You have asked for a legal opinion regarding the validity of a marriage in which the
applicant and the spouse entered into a ceremony prior to the expiration of the State-mandated
The claimant, Deborah J. B~, and her putative spouse, Douglas H~, applied for a marriage
license on February 2, 1998, in the State of Washington. Two days later on February
4, 1998, Reverend Steve P. S~ performed the marriage ceremony and signed the Marriage
License. Two individuals, Jon and Sandy M~, witnessed the ceremony.
Recently, Ms. B~ filed for widow's benefits on the record of Robert A. J~, SSN ~,
her previous husband. She claims that her marriage to Mr. H~ is not valid.
For the reasons set forth below, we find that the marriage of Deborah J. B~ and Douglas
H~ is a valid but voidable by court decree.
Section 216(h)(1)(A) of the Social Security Act, 42 U.S.C.A. § 416(h)(1)(A), provides:
An applicant is the wife, husband, widow, or widower of a fully or currently insured
individual for purposes of this title if the courts of the State in which such insured
individual is domiciled at the time such applicant files an application, would find
that such applicant and such insured individual were validly married at the time such
applicant files such application . . .. If such courts would not find that such applicant
and such insured individual were validly married at such time, such applicant shall,
nevertheless be deemed to be the wife, husband, widow, or widower, as the case may
be, of such insured individual if such applicant would, under the laws applied by
such courts in determining the devolution of intestate personal property, have the
same status with respect to the taking of such property as a wife, husband, widow,
or widower of such insured individual.
Two Washington statutes address the requisites of ceremonial marriage. The first states:
Before any persons can be joined in marriage, they shall procure a license from a
county auditor, as provided in RCW 26.04.150 through 26.04.190.
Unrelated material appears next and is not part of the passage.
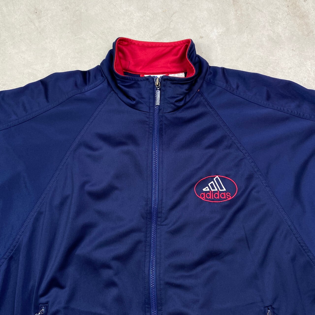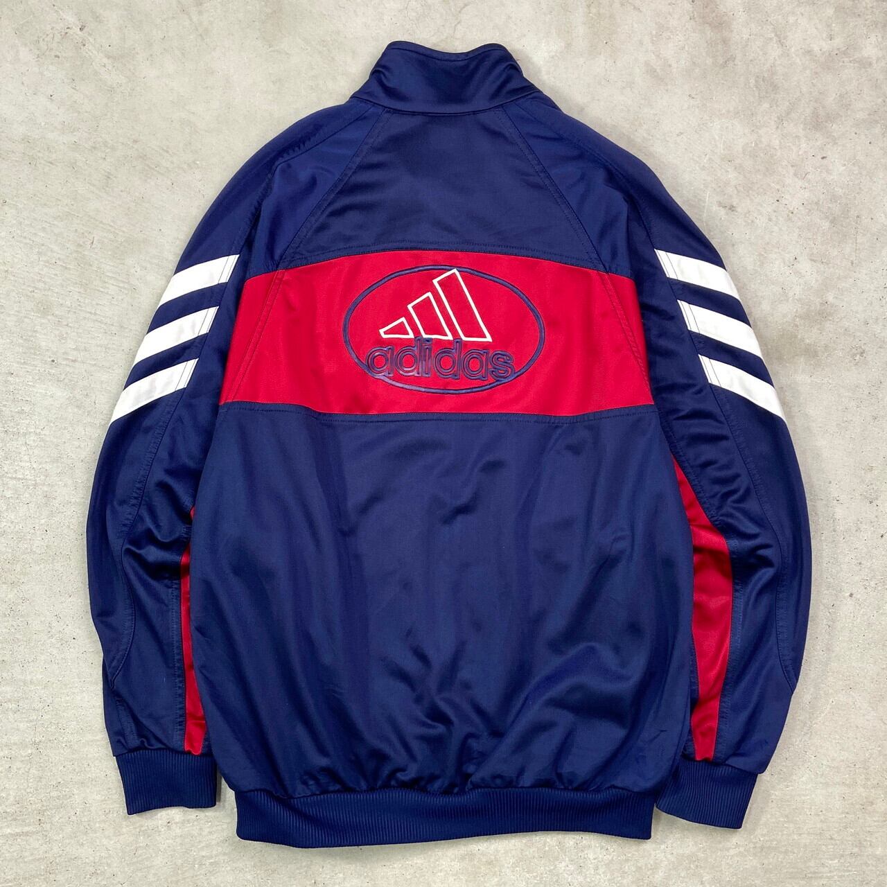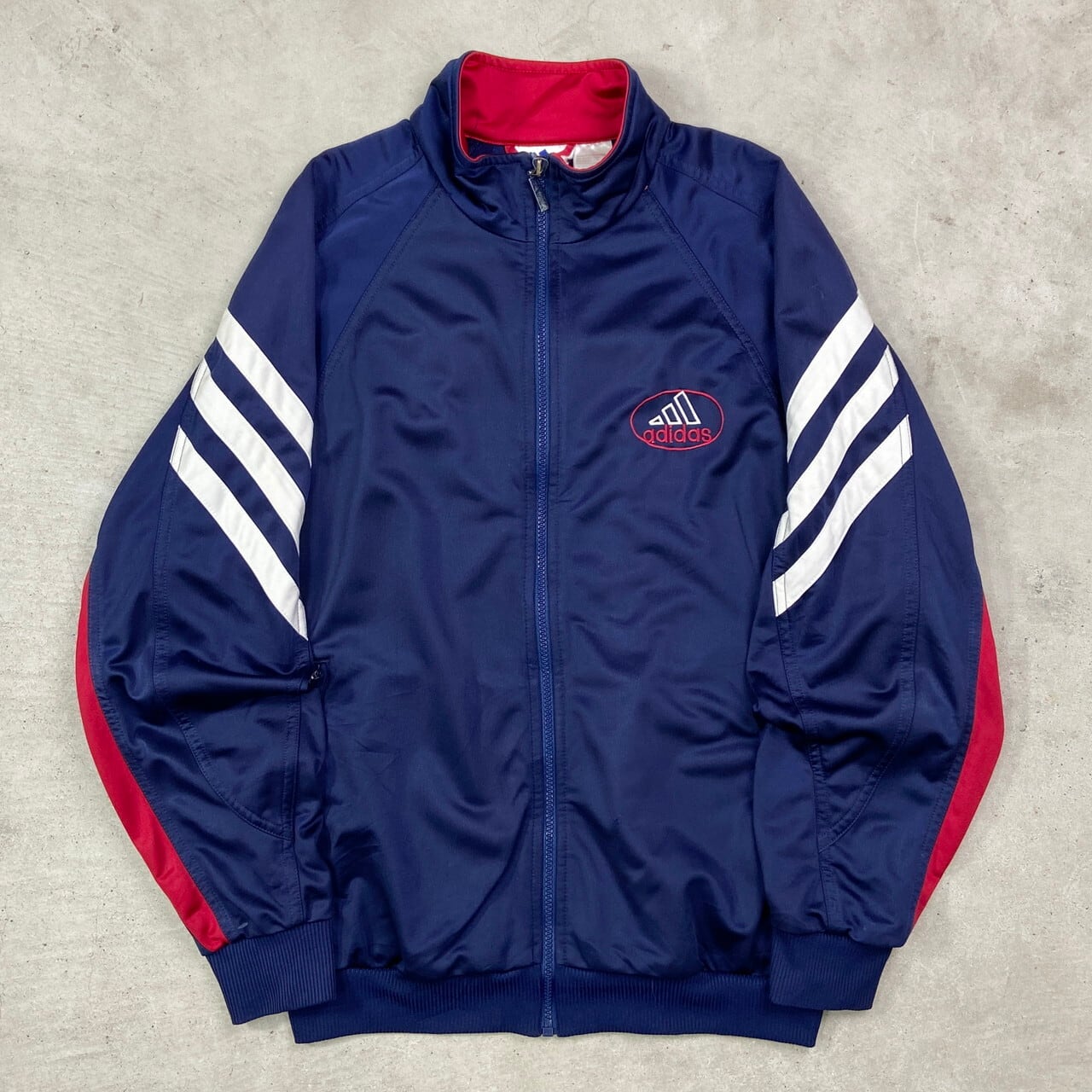 90年代 adidas アディダス トラックジャケット ジャージ パフォーマンスロゴ刺繍 メンズL相当 古着 90s ヴィンテージ VINTAGE ワインレッド ネイビー ホワイト えんじ 紺色 白【ジャージ・トラックジャケット】/マルチカラーSS30

Wash. Rev. Code § 26.04.140 (1998). The second statute states:
The county auditor may issue the marriage license at the time of application, but
shall issue such license no later than the third full day following the date of the
application. A marriage license issued pursuant to the provisions of this chapter
may not be used until three days after the date of application and shall become void
if the marriage is not solemnized within sixty days of the date of the issuance of
the license, and the county auditor shall notify the applicant in writing of this
requirement at the time of issuance of the license.
Wash. Rev. Code § 26.04.180 (1998). In the present case, Ms. B~ and Mr. H~ should
have waited until February 5, 1998 (which is three days from the date of the marriage
application) to marry. Instead, they married one day early.
A marriage that does not comply with the three-day waiting period required by § 26.04.180
is voidable. Estate
of Alda May Thomas Crittenden v. Crittenden, 29 Or.App. 189, 191 (1977) (applying Washington law). A “voidable marriage
is valid for all purposes until annulled, and can be attacked only
in a direct proceeding during the lifetime of both spouses.” Romano
v. Romano 40 Wash.2d 796, 803-04 (1952). In other words, the marriage remains valid until it
is set aside by court decree in an action brought during the lifetime of the spouses. Id. at 803. In this case, there is no evidence that Ms. B~ or Mr. H~ has filed a court
action to annul or set aside the marriage. Until one or the other files the court
action and obtains a court decree, the marriage remains valid for all purposes.